Bas - 5 months ago 51

C# Question

I'm developing an item-based collaborative filter using an adjusted cosine similarity between restaurants to generate recommendations. I got everything set up and it works well, but when I try to simulate possible test scenarios, I got some interesting results.

I'll start with my test data. I have 2 restaurants where I want to calculate a similarity between, and 3 users who all have rated the 2 restaurants the same.
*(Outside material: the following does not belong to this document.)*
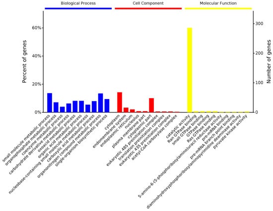 Among the 550 DEPs in the comparison between the control and treatment group at 24 hpi, 844, 160, and 485 (192, 22, and 87, p-value < 0.05) were involved with terms in the biological process, cellular components, and molecular function groups (Table S6), respectively. We found that the most significant enrichment terms were the small molecule metabolic process (p = 4.61 × 10−10), organophosphate metabolic process (p = 2.60 × 10−7), and coenzyme metabolic process (p = 6.47 × 10−7) in the biological process group (Figure 7). Correspondingly, most DEPs were also enriched in the cytoplasm (p = 1.18 × 10−5), observed with the lowest p-value in the cellular component group. The molecular function group enrichment results showed that most proteins involved in catalytic activity (p = 1.90 × 10−7) and GTPase binding (p = 2.08 × 10−4) were DEPs (Figure 7).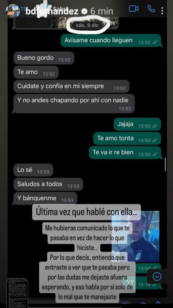 Y no fue sólo eso sino que también publicó un screen de la última charla que mantuvieron por WhatsApp dónde al parecer estaba todo bien.

I'll explain it using the following matrix:

`User 1 | User 2 | User 3`

Restaurant 1 | 1 | 2 | 1

Restaurant 2 | 1 | 2 | 1

I'm trying to calculate the similarity using the following function:

Restaurants are called

`Subject`

`public double ComputeSimilarity(Guid subject1, Guid subject2, IEnumerable<Review> allReviews)`

{

//This will create an IEnumerable of reviews from the same user on the 2 restaurants.

var matches = (from R1 in allReviews.Where(x => x.SubjectId == subject1)

from R2 in allReviews.Where(x => x.SubjectId == subject2)

where R1.UserId == R2.UserId

select new { R1, R2 });

double num = 0.0f;

double dem1 = 0.0f;

double dem2 = 0.0f;

//For the similarity between subjects, we use an adjusted cosine similarity.

//More information on this can be found here: http://www10.org/cdrom/papers/519/node14.html

foreach (var item in matches)

{

//First get the average of all reviews the user has given. This is used in the adjusted cosine similarity, read the article from the link for further explanation

double avg = allReviews.Where(x => x.UserId == item.R1.UserId)

.Average(x => x.rating);

num += ((item.R1.rating - avg) * (item.R2.rating - avg));

dem1 += Math.Pow((item.R1.rating - avg), 2);

dem2 += Math.Pow((item.R2.rating - avg), 2);

}

return (num / (Math.Sqrt(dem1) * Math.Sqrt(dem2)));

}

My review looks like this:

`public class Review`

{

public Guid Id { get; set; }

public int rating { get; set; } //This can be an integer between 1-5

public Guid SubjectId { get; set; } //This is the guid of the subject the review has been left on

public Guid UserId { get; set; } //This is the guid of the user who left the review

}

In all other scenarios will the function calculate a correct similarity between subjects. But when I use the test data above (Where I expected a perfect similarity) it results in an NaN.

Is this an error in my code or is this an error in the adjusted cosine similarity? And if it results in NaN, is it good to catch this and insert a

`1`

Edit: I have tried with other matrices too, and I got even more interesting results.

`User 1 | User 2 | User 3 | User 4 | User 5`

Restaurant 1 | 1 | 2 | 1 | 1 | 2

Restaurant 2 | 1 | 2 | 1 | 1 | 2

This still results in NaN.

`User 1 | User 2 | User 3 | User 4 | User 5`

Restaurant 1 | 2 | 2 | 1 | 1 | 2

Restaurant 2 | 1 | 2 | 1 | 1 | 2

This results in

`-1`

Answer

It seems your algorithm is implemented correctly. Thing is this formula can indeed be undefined at some points for perfectly reasonable sets. You can treat this case as "this measure (adjusted cosine similarity) has nothing to say about provided sets", so it is not correct to assign any arbitrary value (0, 1, -1). Instead, use different measure in this case. For example, simple (non-adjusted) cosine similarity will give "1" as a result, which is what you might expect.